Privacy Policy

Nandella ("we", "us", "our") is a personal identity hub service that lets individuals store, manage and share their professional identity. We are committed to protecting your personal data in full accordance with the EU General Data Protection Regulation (GDPR), the UK GDPR, and applicable data protection laws worldwide.

Data controller: Nandella Inc. · Contact: privacy@nandella.io

We only collect data you explicitly provide. We never sell it, never use it for advertising, and never share it without your consent. The categories of data we collect are:

• Identity data — name, preferred name, date of birth, nationality
• Contact data — email address, phone number, postal address, website
• Professional data — career history, education, skills, certifications, references
• Social data — links to third-party social profiles you voluntarily add
• Technical data — IP address (session only), browser type, access timestamps
• Usage data — share link access counts (no viewer PII stored)

We do not collect health data, financial data, criminal records, or any special category data under GDPR Article 9 unless you voluntarily add it to a module designed for that purpose and give explicit consent.

We use your data exclusively to provide the Nandella service:

• Storing and displaying your identity hub data to you
• Generating documents (resumes, business cards, portfolios) on your request
• Serving your public profile pages to viewers — only when you explicitly toggle a feature public
• Sending transactional emails (registration confirmation, password reset, share-access alerts)
• Fraud prevention and security monitoring

We do not use your data to train AI models. AI features use your data as input for a single API call and the data is not retained by the AI provider beyond that call.

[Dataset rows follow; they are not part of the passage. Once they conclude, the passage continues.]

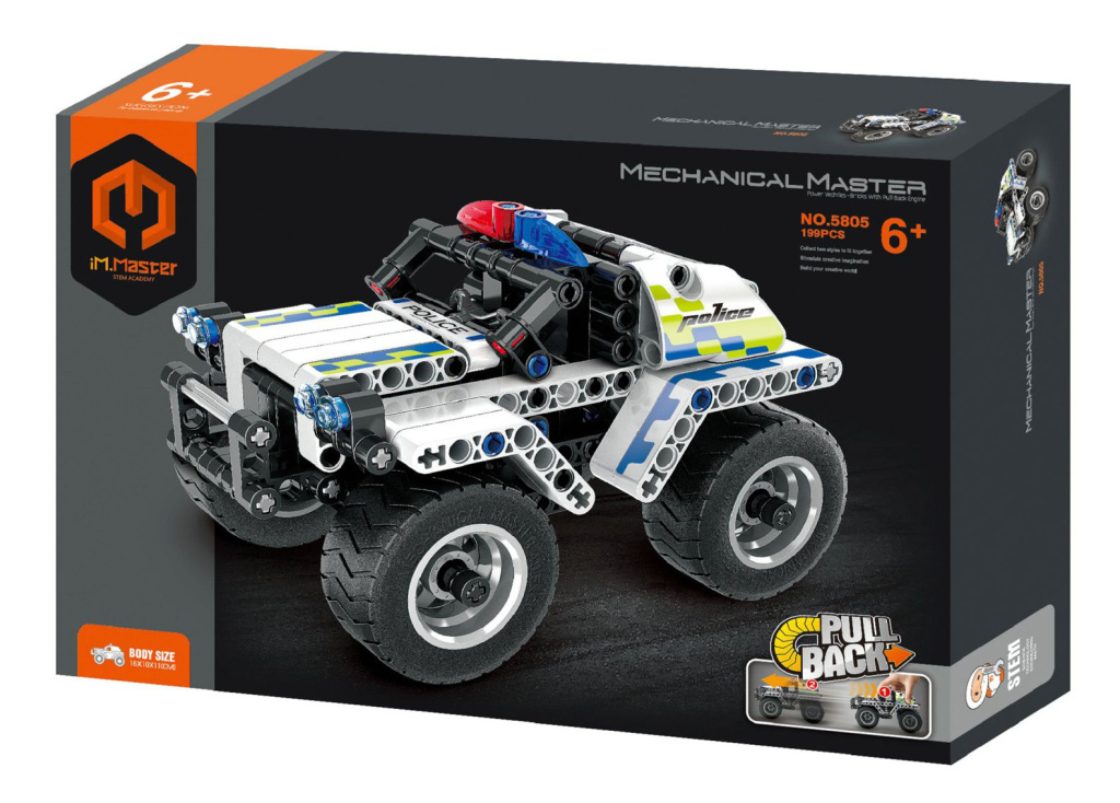 Objevte nekonečnou zábavu se stavebnicí iM.Master! Tento set obsahuje 199 plastových dílků, ze kterých můžete postavit policejní auto a nebo cokoli, co Vaše fantazie vymyslí. Ideální pro děti, které milují stavění a tvoření. Rozměr balení: 29 x 20 x 6 cm Vhodné pro děti od 6 let.
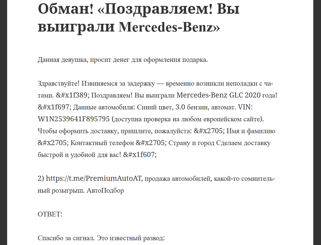 На независимых форумах в рунете только негативные комментарии в адрес данного канала. Розыгрыши авто здесь называют известным разводом и не советуют участвовать в них.
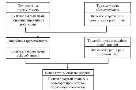 Залежно від складу витрат праці, які включаються в трудомісткість продукції, та їх ролі в процесі виробництва виділяють технологічну трудомісткість, трудомісткість обслуговування виробництва, виробничу трудомісткість, трудомісткість управління виробництвом і повну трудомісткість (рис. 7.4).
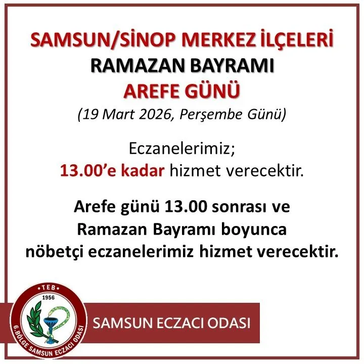 Samsun Eczacı Odası'nın duyurusuna göre, 19 Mart 2026 Perşembe günü Arefe günü olması sebebiyle eczaneler saat 13.00’e kadar tam kapasiteyle açık kalacak. Bu saatten itibaren rutin çalışma düzenine ara verilerek nöbetçi eczane uygulamasına geçiş yapılacak. Vatandaşların mağduriyet yaşamaması için acil ilaç ihtiyaçlarını öğle saatinden önce tamamlamaları öneriliyor.
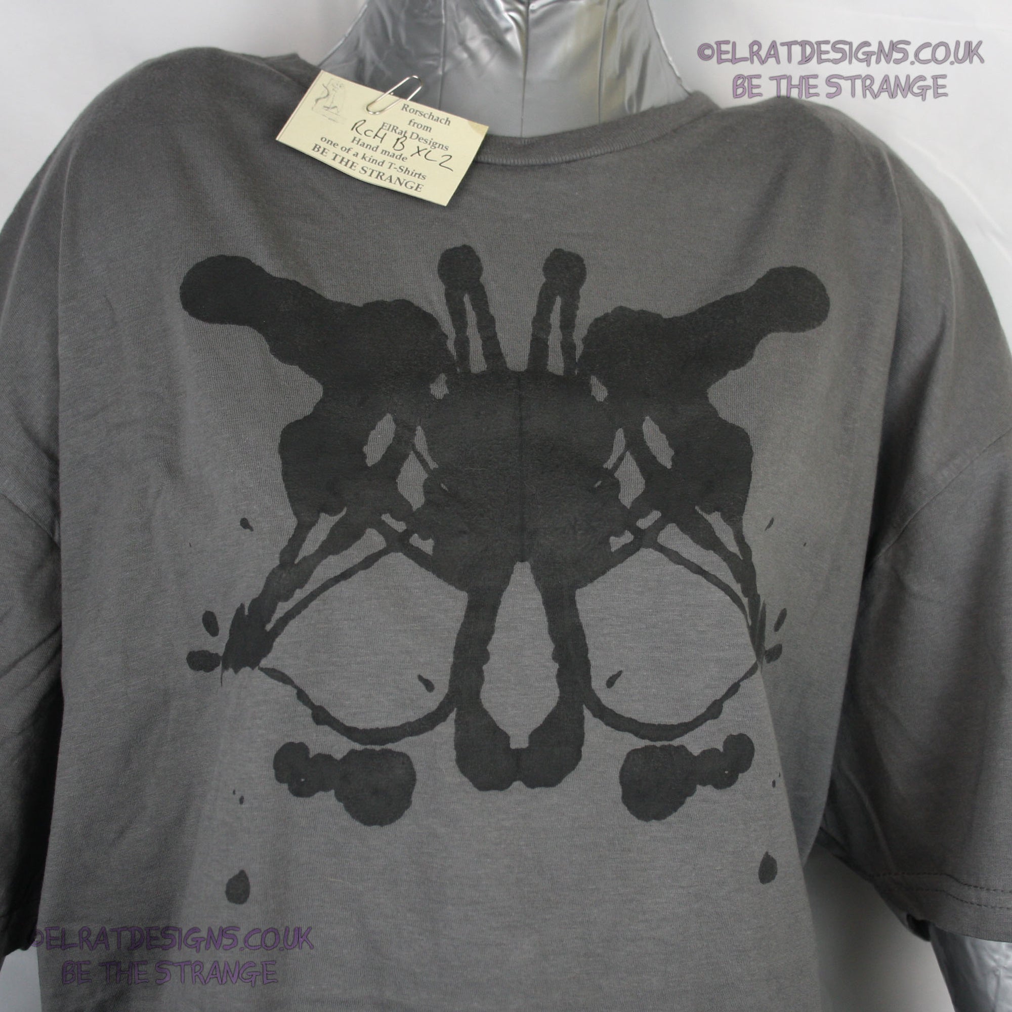 Many years ago I made myself a Rorschach T-shirt, I loved it, it sparked many interesting conversations but it was a pain to make, so for a long long time I was wondering how I could recreate this for other people. I finally cracked it . This is a genuine one-off ElRat Designs Rorschach ink blot t-shirt - there will never be another one exactly like this. Not screen printed, I use specially made foldable screens and let the ink create its own pattern, just like the original Rorschach test. What you see in the blot is a view into your mind - Everyone sees something, for some it's butterflies, others see faces, some see abstract shapes. In mine, I saw Walter White from Breaking bad, I made one for my kid, and it was a crab wearing a gas mask. There's no right or wrong answer.

By default, all your data is private. No data is publicly accessible without your explicit action.

When you toggle a feature public (e.g. "Business card", "Portfolio"), you give explicit consent for that specific data subset to be viewable by anyone with the public URL. You can revoke this consent at any time by toggling the feature off — the public URL will immediately return a blank page and the data will no longer be served.

Toggling a feature off is equivalent to withdrawing consent under GDPR Article 7(3). Withdrawal does not affect the lawfulness of processing that occurred before withdrawal.

• Location: All data is stored in the European Union (Supabase Frankfurt, eu-central-1). We do not transfer personal data outside the EEA without adequate safeguards.
• Encryption: All data is encrypted in transit (TLS 1.3) and at rest (AES-256).
• Access control: Row-level security policies ensure users can only access their own data. Database credentials are never exposed to client-side code.
• Audit logging: All significant data operations are logged in our append-only audit log for GDPR compliance and security review.

We retain your data for as long as you maintain an active account. You may request deletion at any time. Upon deletion:

• All personal data is marked for erasure immediately
• A 30-day grace period applies, after which all data is permanently deleted from our database and backups
• Anonymised aggregate statistics (e.g. total share link views with no PII) may be retained for service analytics

You have the following rights, exercisable at any time by contacting privacy@nandella.io:

• Right of access (Article 15) — request a copy of all data we hold about you
• Right to rectification (Article 16) — correct inaccurate data at any time via the dashboard
• Right to erasure (Article 17) — request permanent deletion of all your data
• Right to portability (Article 20) — export all your data in JSON format from Settings
• Right to restrict processing (Article 18) — request that we limit how we use your data
• Right to object (Article 21) — object to processing based on legitimate interests
• Right to withdraw consent — withdraw any consent at any time (toggle features off)

We will respond to all rights requests within 30 days. You also have the right to lodge a complaint with your national data protection authority.

We use only strictly necessary cookies required for authentication. We do not use tracking cookies, advertising cookies, or analytics cookies. No cookie consent banner is required because we do not place any non-essential cookies.

We share data with the following sub-processors, each bound by GDPR-compliant data processing agreements:

• Supabase Inc. — database, authentication, and file storage (EU region)
• Anthropic PBC — AI text generation for resume bullets, bios, cover letters (data used per-call only, not retained for training)
• Vercel Inc. — application hosting and edge delivery
• QR Server — QR code image generation (receives URLs only, no personal data)

Nandella is not intended for users under 16 years of age. We do not knowingly collect personal data from children. If you believe a child has provided us with personal data, contact us immediately at privacy@nandella.io and we will delete it.

We may update this policy from time to time. We will notify you by email and display a notice in the dashboard at least 14 days before any material changes take effect. Continued use of Nandella after the effective date constitutes acceptance of the updated policy.

For any privacy-related questions, data requests, or complaints:

• Email: privacy@nandella.io
• Response time: within 5 business days for general enquiries, 30 days for formal rights requests

If you are unsatisfied with our response, you have the right to complain to the supervisory authority in your country of residence. In the EU, you can find your national authority at edpb.europa.eu.